_Collected data_
*-*-*

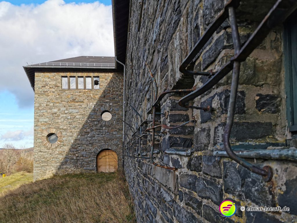 An der Seite steht eine Stahltür offen, einige Scherben und Schnapsflaschen liegen vor dem Eingang. Innen befindet sich eine Art Bunker. Das verwundert mich, da der Rest des Geländes komplett kameraüberwacht ist. Ich nehme mir das Zeit das Gelände zu erkunden. Hier auf dieser Ordensburg wurden also die NS Elite gezüchtet. Ein seltsames Gefühl, aber man muss ich auch mit diesem Teil der Geschichte intensiv beschäftigen.
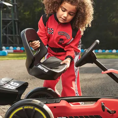 Das markante, sportliche Lenkrad, EVA-Reifen, die nie einen Platten bekommen, der coole Schalensitz und die Pendelachse machen das Gokartfahren zu einem großen Spaß. Mit seinem tiefen Schalensitz ist der BERG Reppy das erste Gokart für kleine Kinder mit einem echt niedrigen Gokart-Einstieg. Wenn Kinder mit dem Reppy eine Fahrt über den Bürgersteig unternehmen, sind alle Augen auf sie gerichtet.
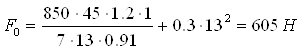 Натяг паска, F0. Н, розраховується за формулою:

*-*-*

_Exercise_
From the line that contains "Das markante, sportliche" to the final line of the material, write out each line exactly. Pictures stay out.

_Response to this exercise_
 Das markante, sportliche Lenkrad, EVA-Reifen, die nie einen Platten bekommen, der coole Schalensitz und die Pendelachse machen das Gokartfahren zu einem großen Spaß. Mit seinem tiefen Schalensitz ist der BERG Reppy das erste Gokart für kleine Kinder mit einem echt niedrigen Gokart-Einstieg. Wenn Kinder mit dem Reppy eine Fahrt über den Bürgersteig unternehmen, sind alle Augen auf sie gerichtet.
 Натяг паска, F0. Н, розраховується за формулою:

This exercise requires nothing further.